The ICT industry has broadened its focus beyond manufacturing equipment to maintenance and management services as well as creating audio, video, print and digital content. These developments are anticipated to create a variety of new opportunities in Romania's ICT market. On the occasion of the World Electronics Forum (Paris 2000), the "Worldwide ICT Professionals Market Situation Study" showed that, by 2008, Romania will be the only European country to have excellent IT specialists. Currently, about 25,000 software professionals work in the industry and almost 1/5 of them are involved in software export activities. As of 2003. Romania ranked the 6th in the world by number of certified professionals ("2003 Global Skills IQ Report", Brainbench) and has been awarded a bronze certificate in the category of "Most Certified Nation (Overall)" during the first annual Bench Games 2005 ("2005 Bench Games Report", Brainbench). Vice president for EMEA, showed that Oracle was committed to encouraging this country to take advantage of its potential: "Oracle aims to help push Romania into becoming the Silicon Valley of Central and Eastern Europe."
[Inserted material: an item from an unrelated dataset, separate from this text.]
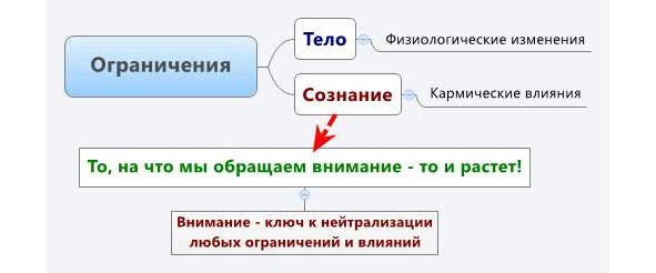 И на физиологические особенности нашего тела, и на тончайшие изменения нашего внутреннего мира мы можем влиять, сознательно направляя своё внимание. Причём . Думаем о боли – боль становится сильнее. Думаем о радости – радость растёт. Если у нас что-то болит, а мы сознательно сосредотачиваем внимание на чём-то другом (например, на сюжете книги, на далекоидущей цели, на мечте или хотя бы на кончике собственного носа), – то боль утихает, а радость – вырастает. то, на что мы направляем внимание – то и взращиваем
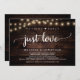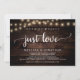 Linda festa de celebração de amor, nada de chique, apenas amor, Anúncio de Casamento Fugitivo / Cartão de convite, em design de madeira rústica de fazenda, luzes de corda. Isto é perfeito para o seu casamento e festa de celebração pós-casamento. Adicione seus detalhes em fonte / letra correspondente.

===Economic structure and sustained growth===

The emergence of Romania as a software & IT-exporting country has raised a number of issues for Romanian economic policy. There has been concern that much of Romania's human capital investment has been concentrated in IT-related industries. Critics have pointed out that Romania's economic structure is highly dependent on human resources that do require skilled labor, making economic growth highly vulnerable to fluctuations in the demand and pricing for these IT % software resources. The Government Pension Fund of Romania is part of several efforts to hedge against dependence on IT & software revenue.

==Industry turnover==
In 1938, Romania produced 6.6 million tons of crude oil, 284,000 tons of crude steel, 133,000 tons of pig iron, 510,000 tons of cement and 289,000 tons of rolled steel.

Romania's industry turnover went up by 11.7% in 2017 compared to 2016, as the manufacturing industry increased by 11.5% and the mining industry grew by 20.5%, according to the National Statistics Institute (INS).

By main industrial groups, there were rises as follows: in energy industry (+22.5%), in capital goods industry (+16.2%), in intermediate goods industry (+10.2%), in durable goods industry (+8.2%) and in non-durable goods industry (+5.5%).

The new orders in the manufacturing industry increased by 12.9% last year compared to 2016. The new orders for consumer durables went up by 27.2% and those for intermediate goods increased by 17.3%.

Industry generates about 35% of Romania's gross domestic product (GDP).

==Steel industry==
- Galați steel works
- Hunedoara steel works
- Reșița Works
- Călărași steel works
- Călan steel works

==Arms industry==

Romania is the 11th largest arms supplier in the world. The Romanian arms industry's main customer, for whom they mainly build warships, vehicles, and equipment, is the Romanian Government. Furthermore, record high defense expenditure (currently at 5 billion €), which was considerably increased under the government of Prime Minister Călin Popescu-Tăriceanu. In addition, external demand plays a significant part in the growth of this sector: for example, Romania exports great quantities of weaponry to the Middle East, including Iraq.

In recent years, the Romanian Government has called, unsuccessfully, for the lifting of the EU weapons trade embargo on China.